Penulis: Toni Haryadi  •  Selasa, 02 Juni 2026 | 15:05:33 WIB
Surat perdamaian antara korban dan terduga pelaku kasus kekerasan seksual di Konsel telah ditandatangani.

KENDARI — Surat kesepakatan damai antara korban SA dan terduga pelaku C (32) tertanggal 25 Mei 2026 menjadi dasar penyelesaian kasus ini secara kekeluargaan. Dalam dokumen tersebut, kedua pihak sepakat tidak melanjutkan perkara ke jalur hukum. Pihak terduga pelaku disebut menerima sanksi adat dan memenuhi sejumlah permintaan korban.

Meski ada perdamaian, ketentuan hukum justru melarang penyelesaian di luar pengadilan untuk kasus kekerasan seksual. Pasal 80 Undang-Undang Nomor 20 Tahun 2025 tentang KUHAP menyebut RJ hanya berlaku untuk tindak pidana dengan ancaman hukuman maksimal lima tahun, dilakukan pertama kali, dan bukan pengulangan. Aturan itu secara tegas mengecualikan kekerasan seksual dari daftar perkara yang bisa damai.

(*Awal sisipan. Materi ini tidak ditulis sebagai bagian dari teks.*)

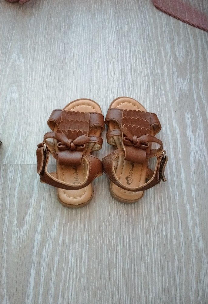 Kız çocukları için kahverengi tokalı, kauçuk tabanlı, sade bohem tarzında sandaletler. Rahat ve kullanışlı.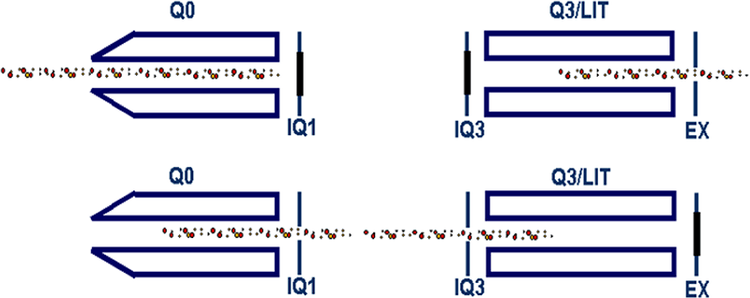 Q0 trapping can be employed to increase the sensitivity of any LIT or hybrid scan. When Q0 trapping is turned on, ions produced at the source are accumulated in Q0 during the scanning of the LIT. When the ion trap is ready to be filled again, the ions from Q0 are released (Figure 8). Often, ~5-10x increase in signal intensity is observed in MS/MS mode when Q0 trapping is activated.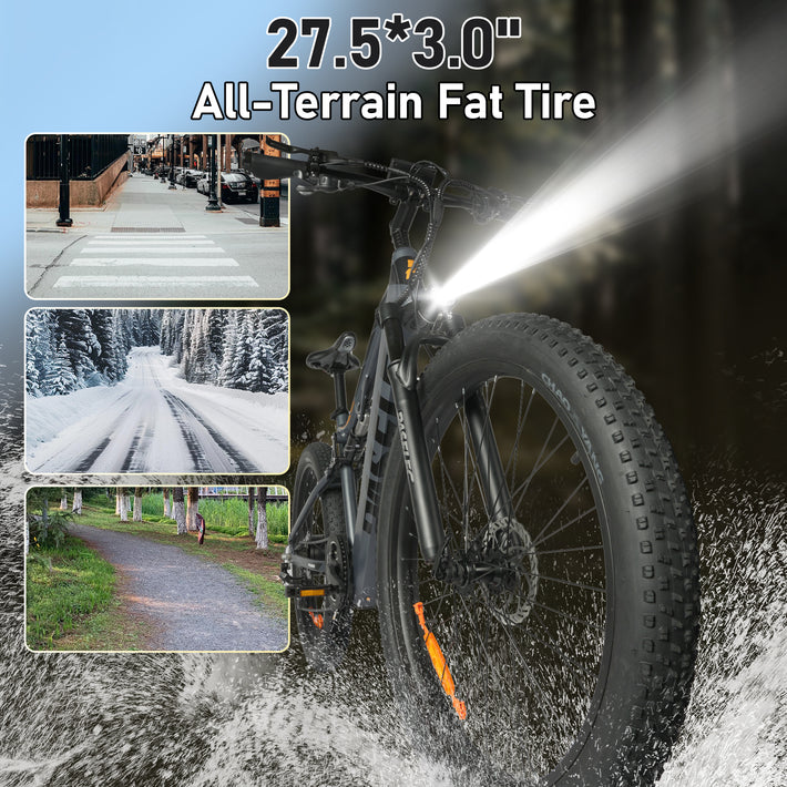 The Paselec GS9 is a high-performance, fully-suspensioned mountain bike with excellent value. It features a peak 1000W motor, a 48V 16Ah battery, 27.5×3.0-inch wide tires, and front and rear hydraulic disc brakes, making it suitable for commuting and light off-road riding.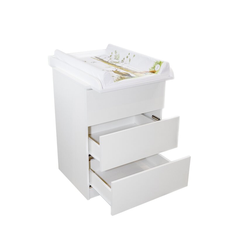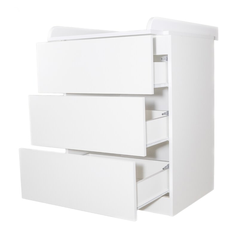 Comoda Qmini Wladi cu masa pentru infasat si 3 sertare alb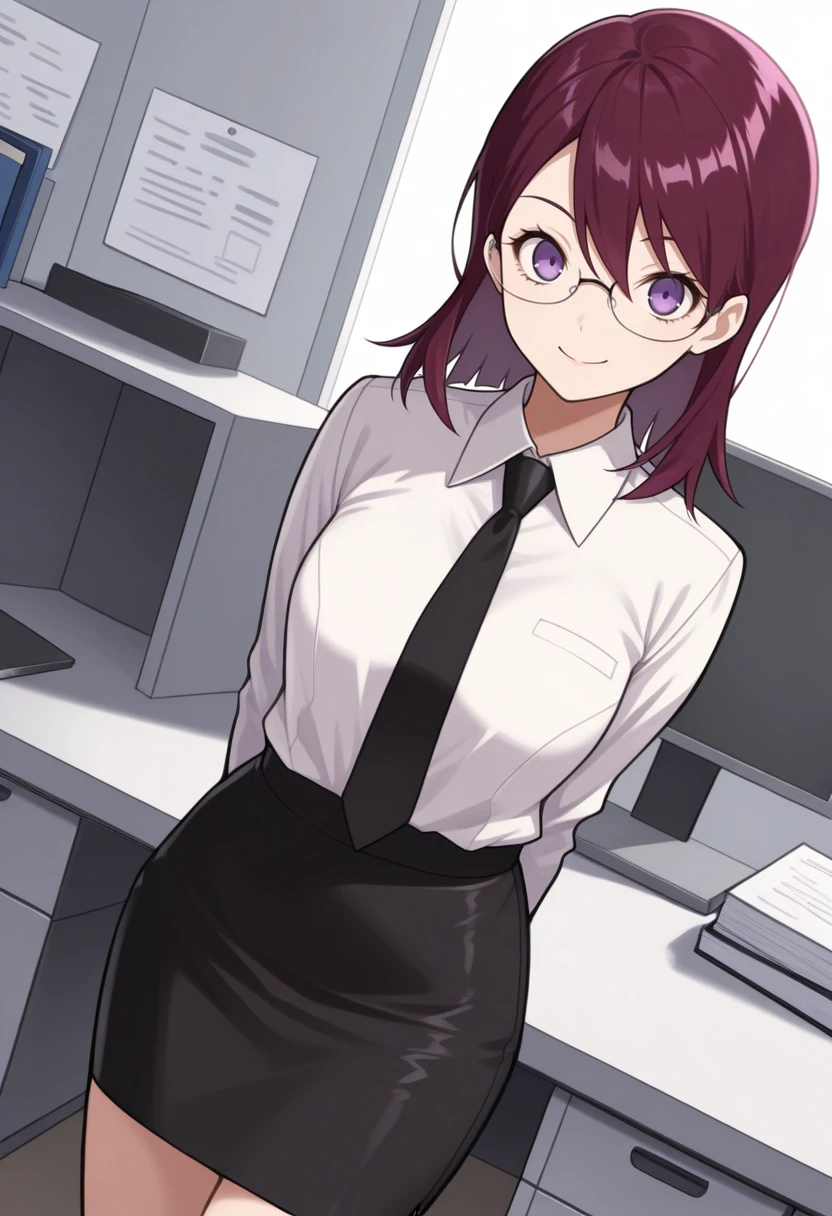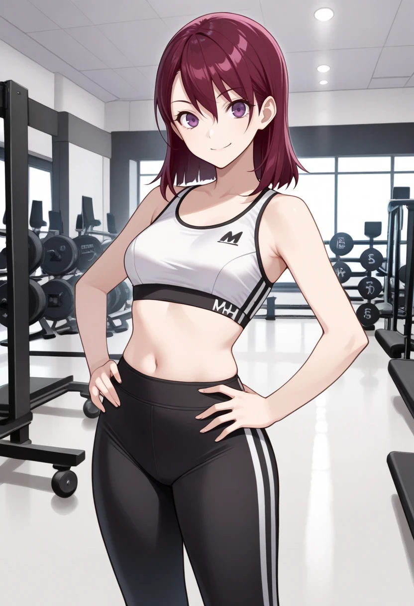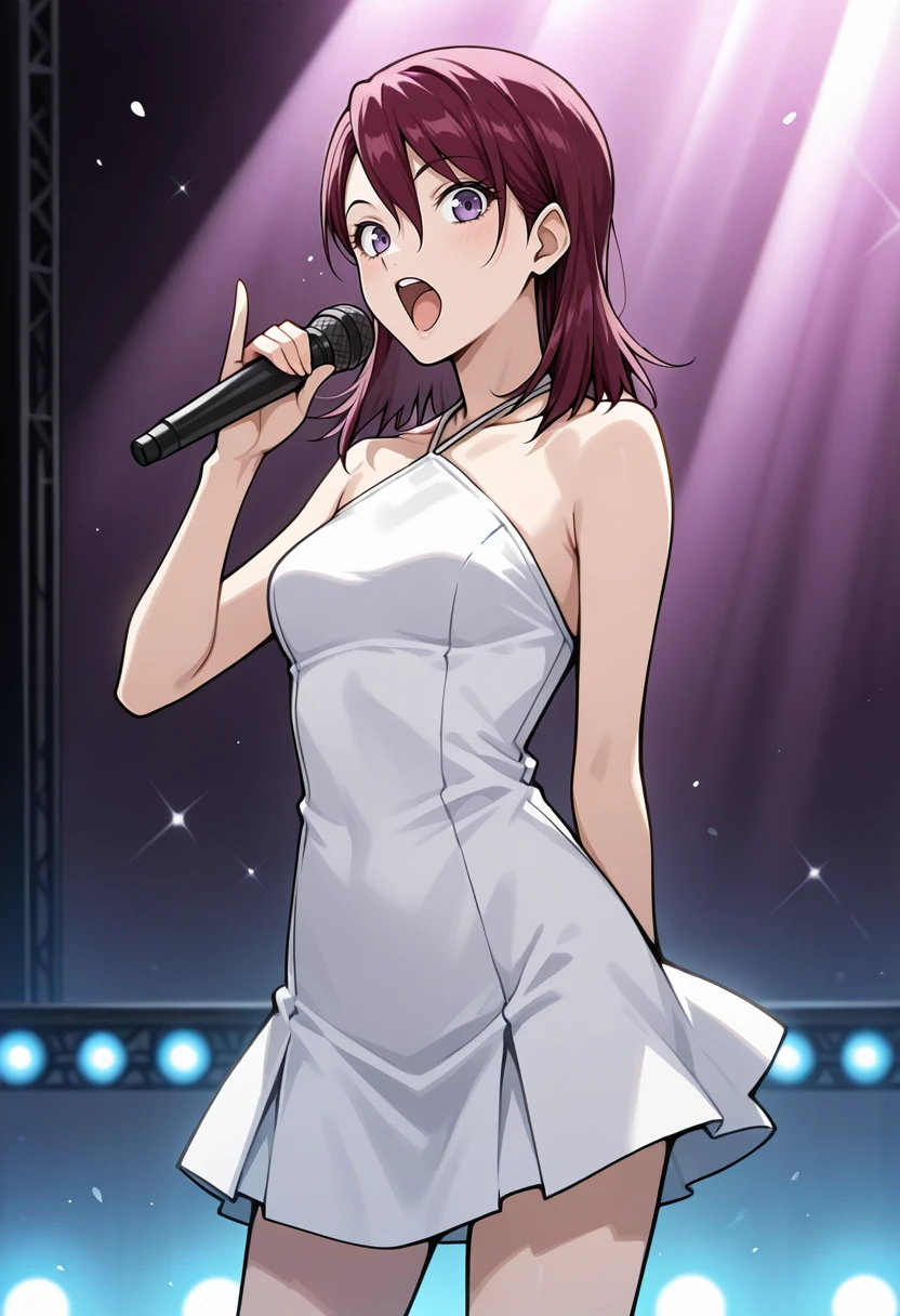m1h0p2, medium hair, crimson hair, purple eyes, white halterneck dress,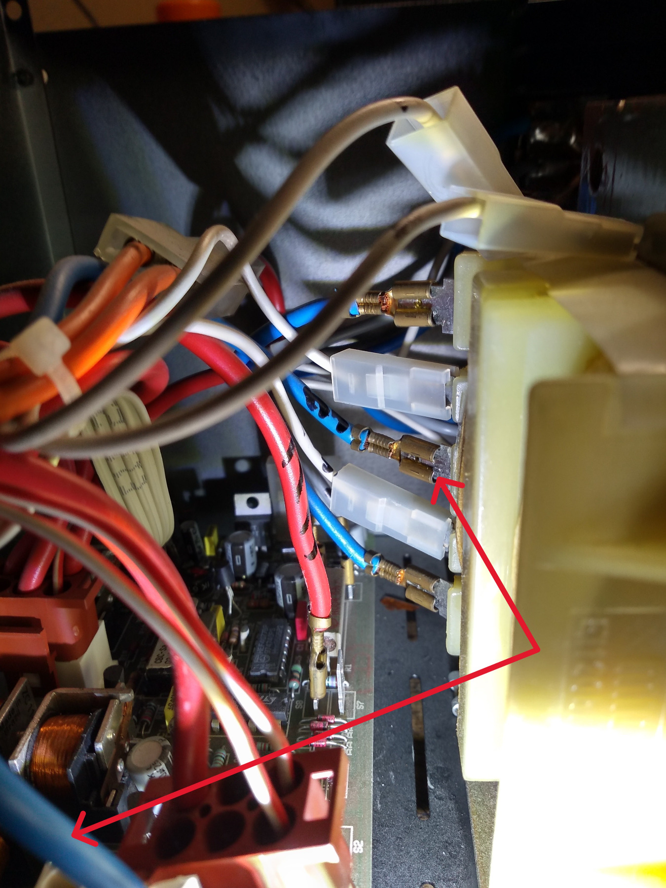 4. Bild - den Anschlußpunkt des blauen Kabels am Traffo .Soviel mal zu meinen Macken.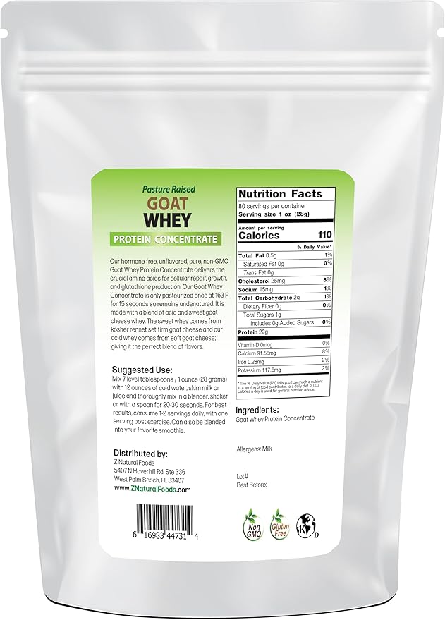 Z Natural Foods Goat Whey Protein Powder Concentrate - Undenatured, Unflavored, Pasture Raised Whey - Clean Goat Protein Powder with Vital Proteins for Weight Management, Immune Support, Fitness, 5 lb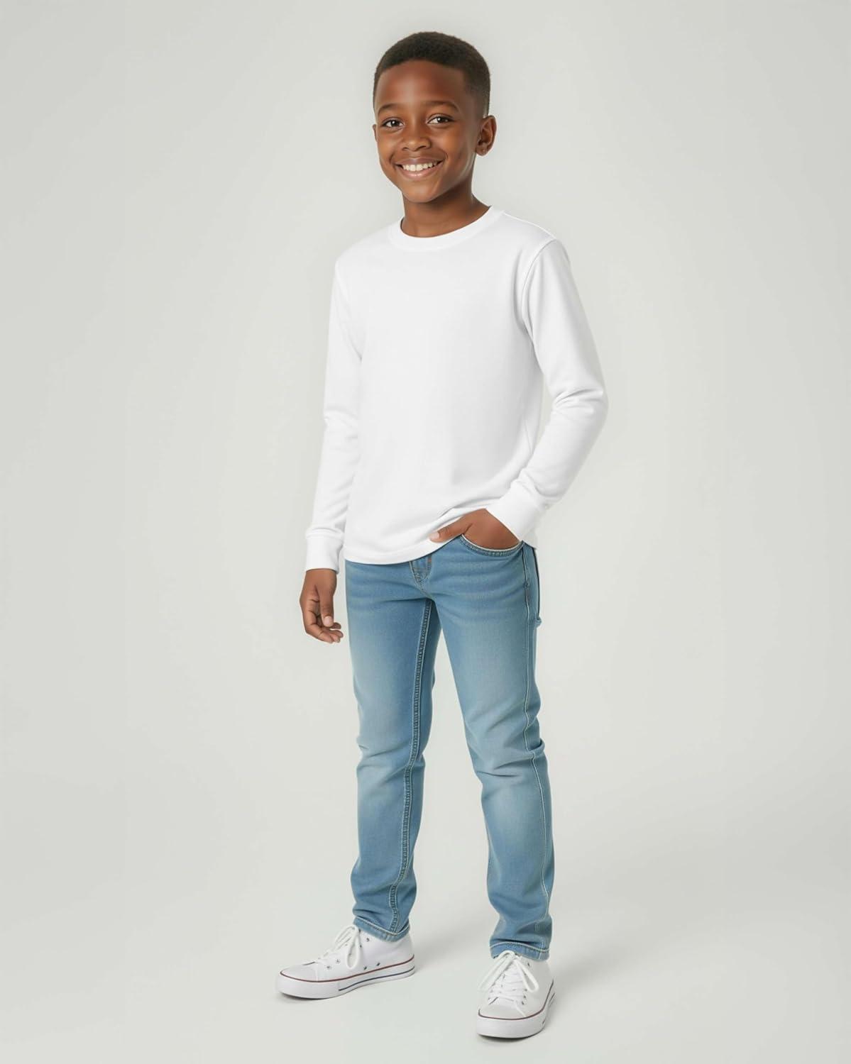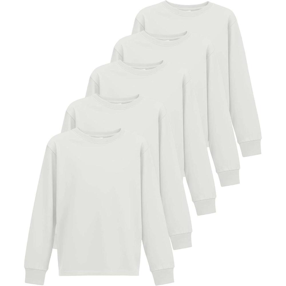 Keep your boy comfortable and ready for anything with the Real Essentials 4 Pack: Boys' Cotton Jersey Long Sleeve T-Shirts. Made from soft, breathable cotton jersey, these shirts deliver the perfect blend of comfort, durability, and style. Whether worn for school, layering under a sweatshirt, or just hanging out, they’re an everyday essential. The classic crewneck design pairs effortlessly with jeans, pants, or shorts, while the durable cotton fabric stands up to daily wear and frequent washing. With four shirts in each set — available in classic colors like white, black, red, gray, navy, and green — it’s easy to mix, match, and stock up on quality basics. Perfect for school uniforms, layering, or casual wear, these long sleeve tees give boys the comfort they need and the clean, simple style parents love. Available in boys’ sizes 6–16 for the ideal everyday fit.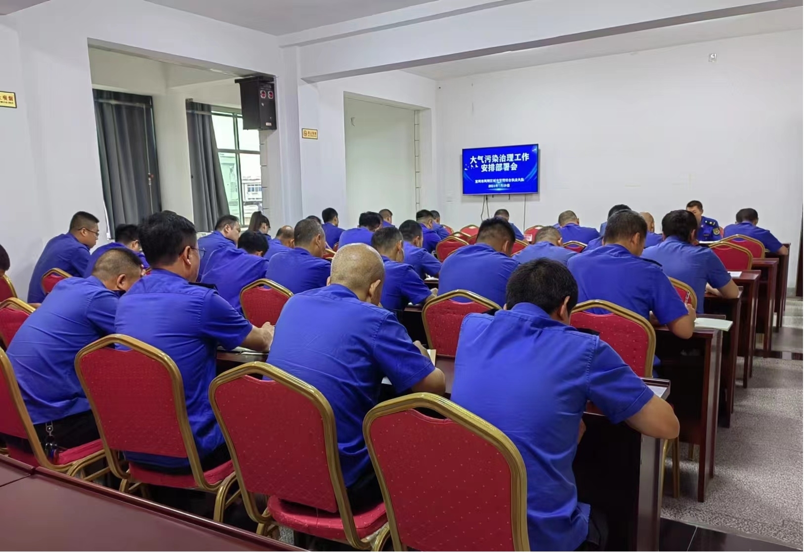3.区城市管理综合执法大队召开大气污染防治工作部署会,会议上对环保大气领域相关的建筑施工扬尘污染、餐饮服务业油烟污染、露天烧烤污染、城市焚烧沥青塑料垃圾等相关工作统一安排。

YLBH Sultra Tidak Dilibatkan dalam Perdamaian

Direktur YLBH Sultra, Muhamad Fadri Laulewulu, mengaku pihaknya tidak mengetahui proses damai tersebut. Padahal, lembaganya selama ini mendampingi korban dalam proses hukum. “Kami di YLBH Sultra tidak mengetahui, tidak dilibatkan, dan tidak pernah dimintai pendapat terkait agenda maupun proses perdamaian yang diduga dilakukan antara korban dan pihak terduga pelaku,” kata Fadri kepada Kendariinfo, Senin (1/6).

YLBH Sultra menegaskan bahwa kesepakatan damai di luar proses hukum tidak menghapus kewajiban negara menegakkan hukum. Mereka merujuk pada Pasal 23 Undang-Undang Nomor 12 Tahun 2022 tentang Tindak Pidana Kekerasan Seksual (TPKS) yang menyatakan perkara kekerasan seksual pada prinsipnya tidak bisa diselesaikan di luar peradilan, kecuali pelaku anak.

Polisi Akan Gelar Perkara untuk Tentukan Nasib Kasus

Kasat Reskrim Polresta Kendari, AKP Welliwanto Malau, membenarkan adanya surat permohonan perdamaian yang diajukan kepada penyidik. “Ada masuk pengajuan perdamaiannya. Nanti akan dilaksanakan gelar perkara. Mereka berdamai di luar tanpa sepengetahuan penyidik. Dalam KUHAP terbaru harus diketahui penyidik,” ujarnya.

Menurut Welliwanto, penyidik akan menentukan apakah perkara ini dihentikan atau tetap dilanjutkan. “Ajuan tersebut nanti akan dilaksanakan mekanisme gelar perkara, setuju dihentikan perkaranya atau tidak, akan dilihat nanti,” pungkasnya.

Reporter: Toni Haryadi
Sumber: kendariinfo.com This article was automatically rewritten by AI based on the source above without altering the facts of the original article.